Exercise instructions: Everything in the listing should be set down exactly, apart from the pictures.

##### Data extract #####

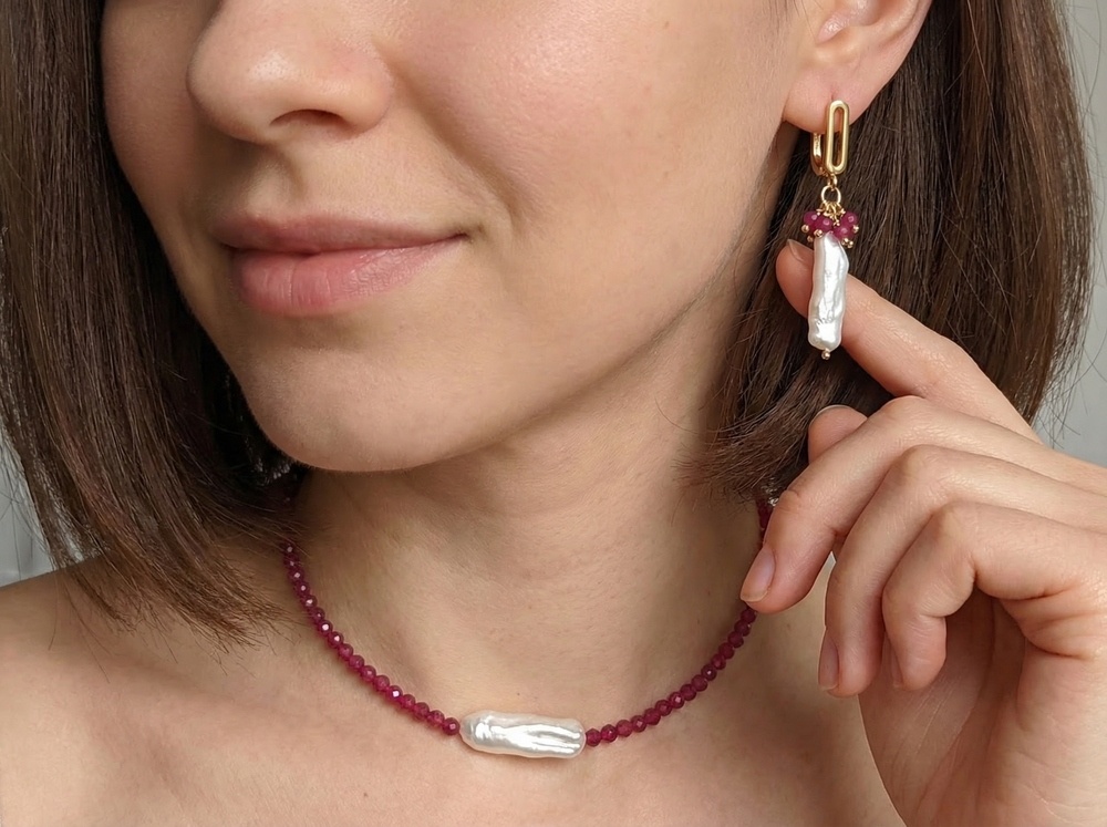 - Собираем серьги и чокер из красной шпинели и натурального жемчуга
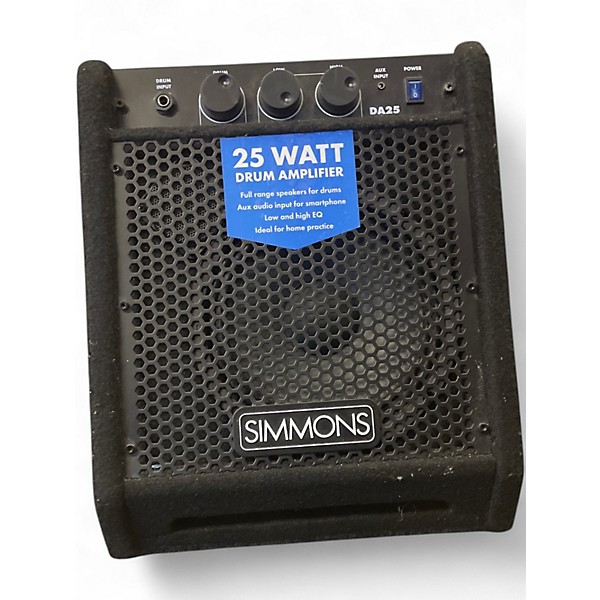 The Simmons DA25 Drum Amplifier delivers 25 watts of power through a rugged 6.5" speaker, ideal for personal practice or small performances. Designed specifically for electronic drums, it features a 2-band EQ, two 1/4" line inputs, and a headphone jack for private sessions. This used unit is in Good condition, offering reliable sound with responsive tone control in a compact, portable design—perfect for drummers seeking quality amplification without breaking the bank.
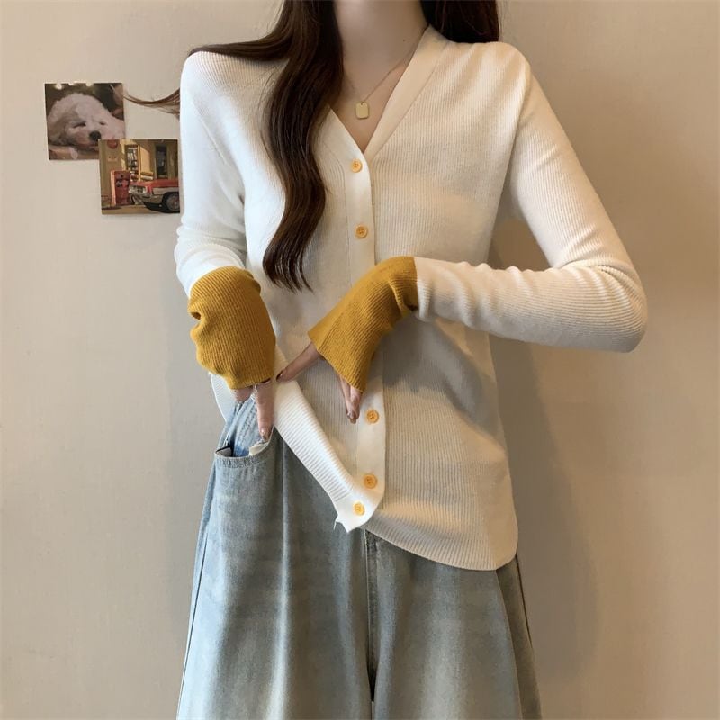 ニット Vネックカーディガン 配色ニット カーディガン レディース バイカラー ニット vネック トップス 長袖 ニットカーディガン 配色 vネックニット

#####

Expected answer:
 - Собираем серьги и чокер из красной шпинели и натурального жемчуга
 The Simmons DA25 Drum Amplifier delivers 25 watts of power through a rugged 6.5" speaker, ideal for personal practice or small performances. Designed specifically for electronic drums, it features a 2-band EQ, two 1/4" line inputs, and a headphone jack for private sessions. This used unit is in Good condition, offering reliable sound with responsive tone control in a compact, portable design—perfect for drummers seeking quality amplification without breaking the bank.
 ニット Vネックカーディガン 配色ニット カーディガン レディース バイカラー ニット vネック トップス 長袖 ニットカーディガン 配色 vネックニット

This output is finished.